I use tandems all the time. Nothing wrong with them.


----------



## Hangry (Jan 10, 2017)

wildleg said:


> the adjacent pictures on that account make me believe that this is a troll thread, so I am out.


What?


----------



## 99cents (Aug 20, 2012)

NJ Contractor said:


> I would recommend to the owner an electrician with experience in the type of work he wants done. Why would you take on a project you do not know how to perform?


Huh? He's just looking for pointers. If I didn't try anything different, I could be stuck out in the bush somewhere on a cable pull.


----------



## 99cents (Aug 20, 2012)

Hangry said:


> What?


What he said makes no sense. Carry on.


----------



## MechanicalDVR (Dec 29, 2007)

NJ Contractor said:


> I would recommend to the owner an electrician with experience in the type of work he wants done. Why would you take on a project you do not know how to perform?


Everyone has to start somewhere. No need to bust his balls, that cluster is bad enough on it's own.


----------



## MechanicalDVR (Dec 29, 2007)

99cents said:


> Huh? He's just looking for pointers. If I didn't try anything different, I could be stuck out in the bush somewhere on a cable pull.


If I was stuck in a bush it wouldn't be for cable pulling!


----------



## 99cents (Aug 20, 2012)

Okay, here is how I would handle it:

First thing to consider is panel height. Your top breaker can't be higher than 1.7M. That will determine the orientation of your panel. Guaranteed your new 40/80 will be too tall if you mount it vertically like the old one. If you spin it sideways you might be okay.

I've never done it before but Hack's idea with two side by side panels could work well.

Fresh plywood is a must. You might have a little bit of grief extending your pipe in the back but all panel changes come with some grief.

4 X 4 boxes with extension rings where you need to extend branch circuits.


----------



## 99cents (Aug 20, 2012)

MechanicalDVR said:


> If I was stuck in a bush it wouldn't be for cable pulling!


Go to your room.


----------



## MechanicalDVR (Dec 29, 2007)

Rip it all out and go from there!


----------



## HackWork (Oct 2, 2009)

Putting 55 circuits into a 40 space panel in a brand-new installation is a disservice to the customer. The cost of those tandems alone will cover the cost of a second panel. You will have much more room for wiring and it will be neater.


----------



## 99cents (Aug 20, 2012)

HackWork said:


> Putting 55 circuits into a 40 space panel in a brand-new installation is a disservice to the customer. The cost of those tandems alone will cover the cost of a second panel. You will have much more room for wiring and it will be neater.


One tandem is cheaper (marginally) than two individual breakers. How does a second panel save money? How many callbacks have you had with tandems? I have had zero. If you don't have enough wiring space, you're filling your panels up with unnecessary wire.

Schooled.


----------



## daveEM (Nov 18, 2012)

99cents said:


> If you don't have enough wiring space, you're filling your panels up with unnecessary wire.
> 
> *Schooled*.


Yep. He's gonna be unhappy tho. 

Right. No extra wire. Never moved a breaker... well maybe once and a giant marette fixed that problem. :thumbsup:


----------



## HackWork (Oct 2, 2009)

99cents said:


> One tandem is cheaper (marginally) than two individual breakers.


 A normal (non-cheater) tandem Siemens costs $3 more than 2 single poles. $3 times 15 circuits equals $45, a few bucks less than a MLO 30 space panel costs.



> How does a second panel save money?


 I didn't say it would save money. It's around the same, but it will yield a much better and more professional result.



> How many callbacks have you had with tandems? I have had zero.


 None, there is nothing wrong with tandems, I use them all the time on old panels that are full and the customer wants to add another circuit without upgrading the panel.

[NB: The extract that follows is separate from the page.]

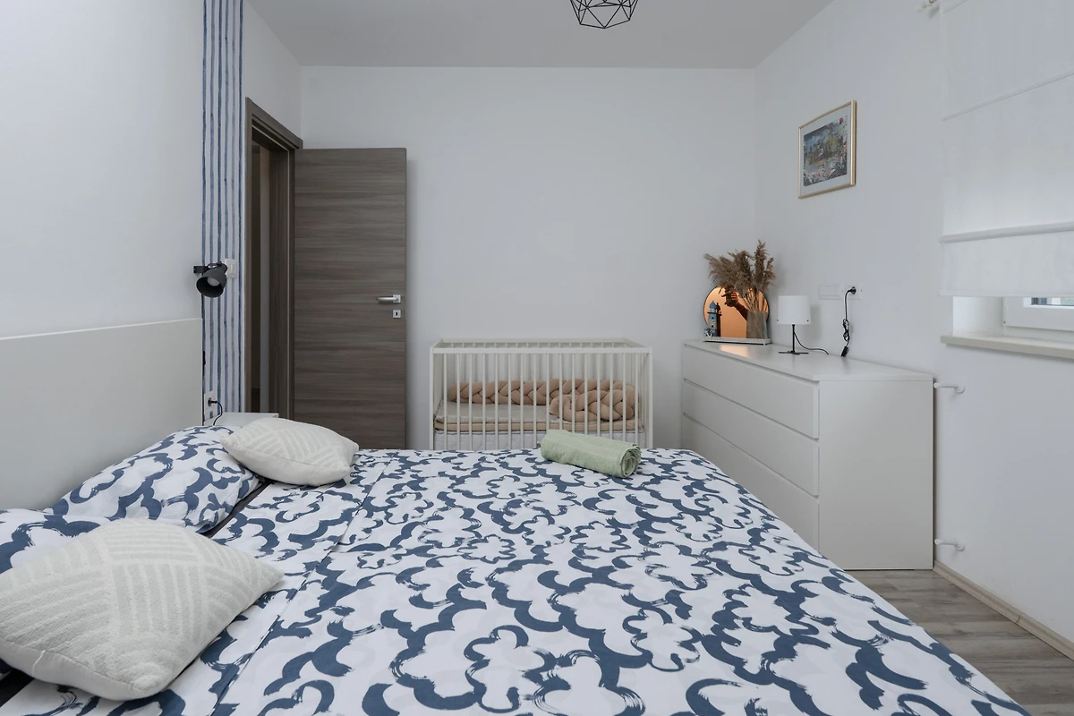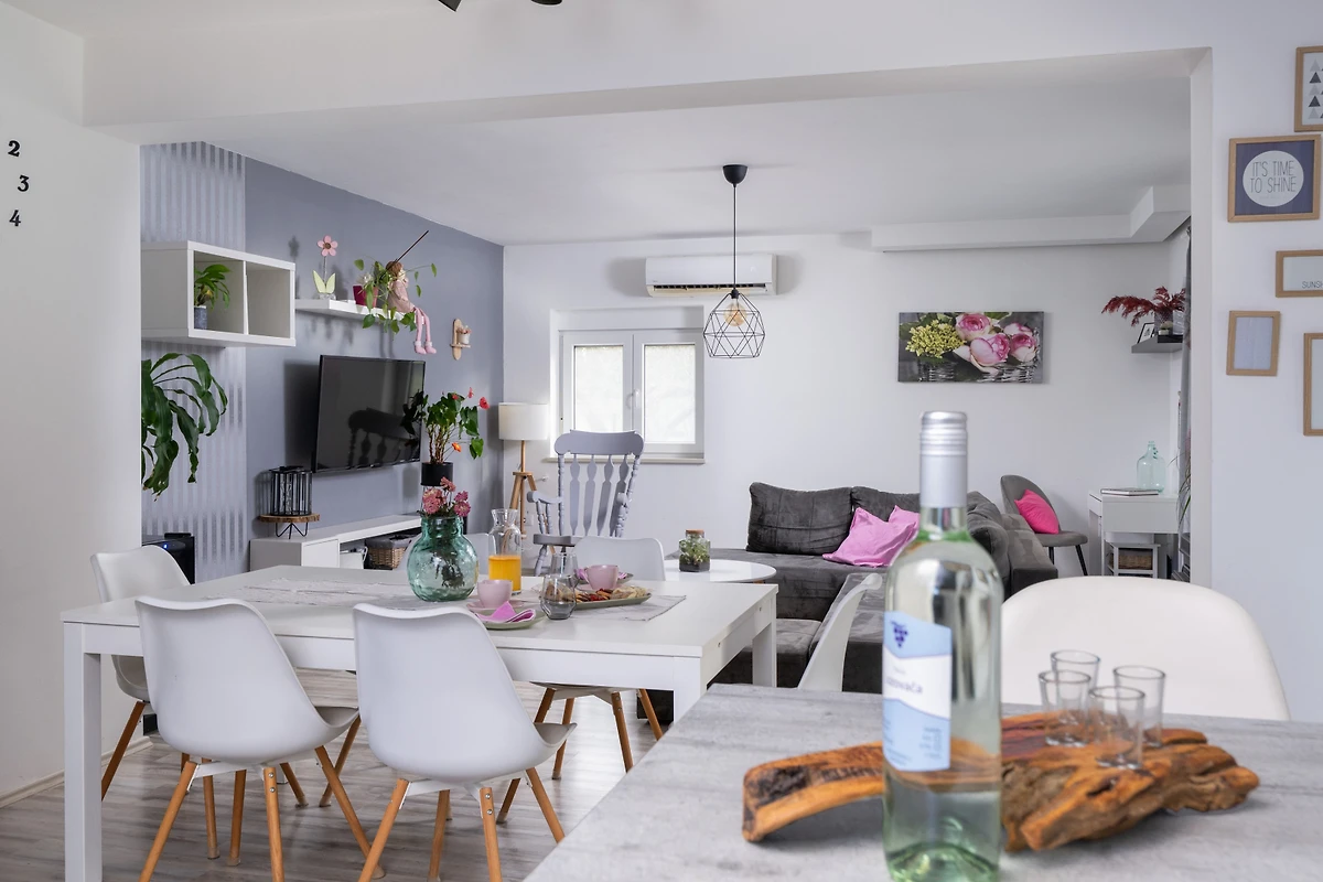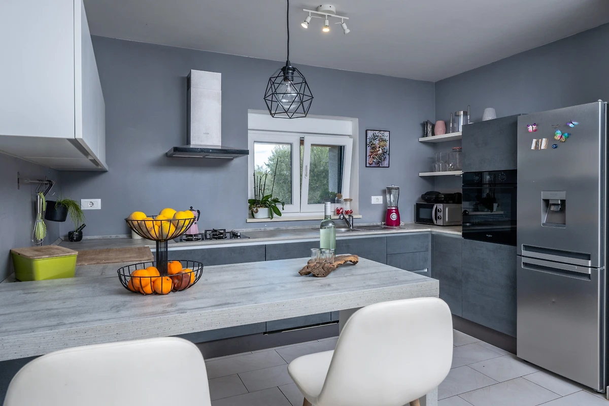 Entdecken Sie eine entzückende Ferienwohnung in der charmanten Stadt Fažana, perfekt gestaltet für Familien und Paare, die einen komfortablen und erholsamen Urlaub suchen. Dieses geräumige 120 Quadratmeter grosse Haus bietet eine einladende Atmosphäre mit Platz für bis zu 6 Gäste und verfügt über 3 gut ausgestattete Schlafzimmer mit einer Mischung aus Doppelbetten und Einzelbetten.
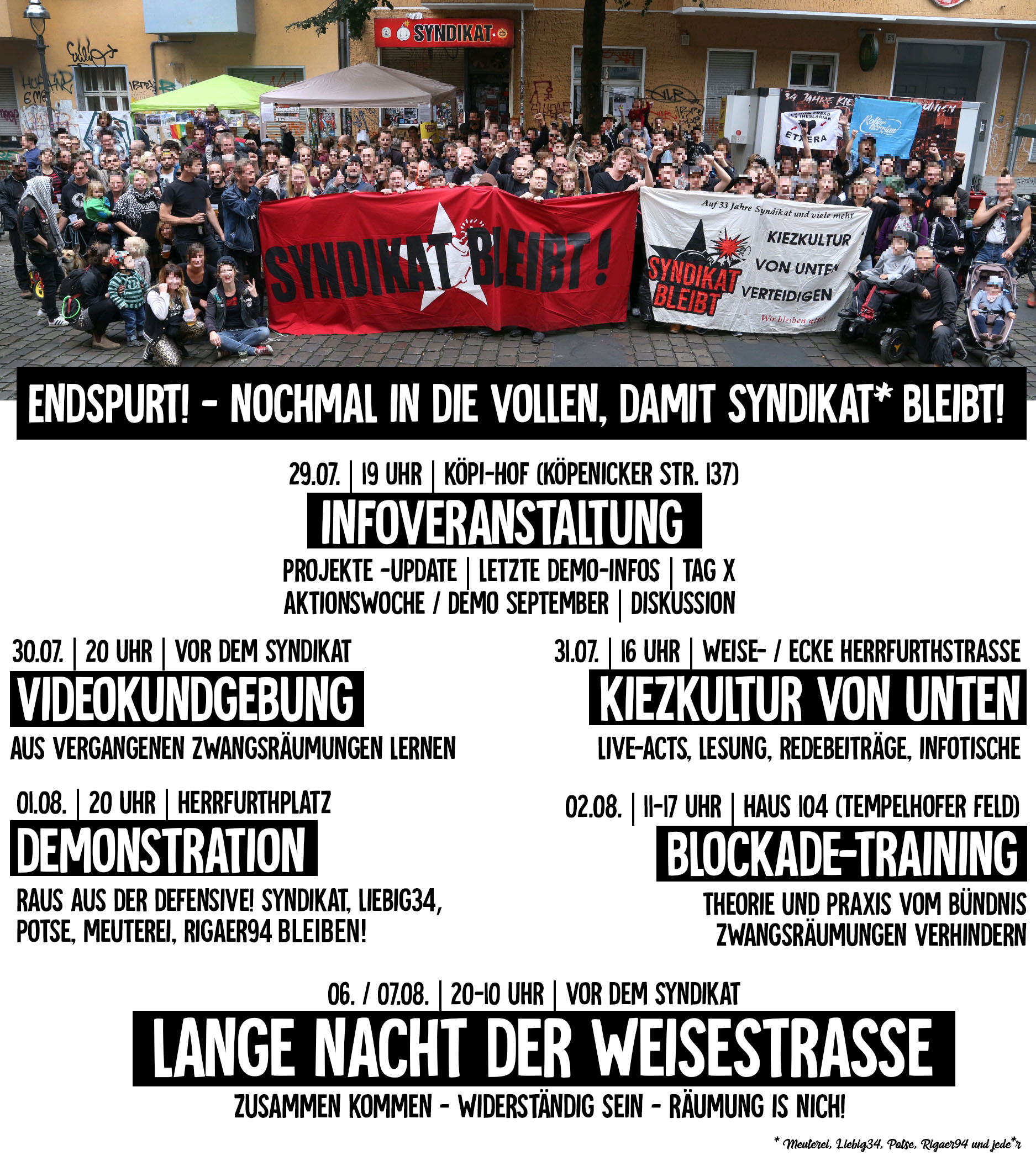 Fast jeden Tag gibt es bis zum 7. August 2020 eine Möglichkeit, sich solidarisch mit dem Syndikat zu zeigen und am 7. August die geplante Räumung zu verhindern:

But in a new panel installation, loading up a panel with tandems is silly, unless you have to for space constrictions. Loading a 40 space panel up with tandems in a new installation is downright stupid. You are supposed to leave room for upgrades in the future such as additions, car chargers, hot tubs, heated pools, etc. etc. Having to add those circuits to an already full panel is not giving the customer a great service, nevermind if they need AFCI's.



> If you don't have enough wiring space, you're filling your panels up with unnecessary wire.


 I don't have any unnecessary wires in my panels. I don't leave loops if that is what you are refering too. A typical panel with 40 circuits in it is pretty full and becomes hard to work in when adding new stuff, why would you leave a customer with 55 circuits in that panel when (for around the same money) you can install a second panel and have both of them easy to work in? 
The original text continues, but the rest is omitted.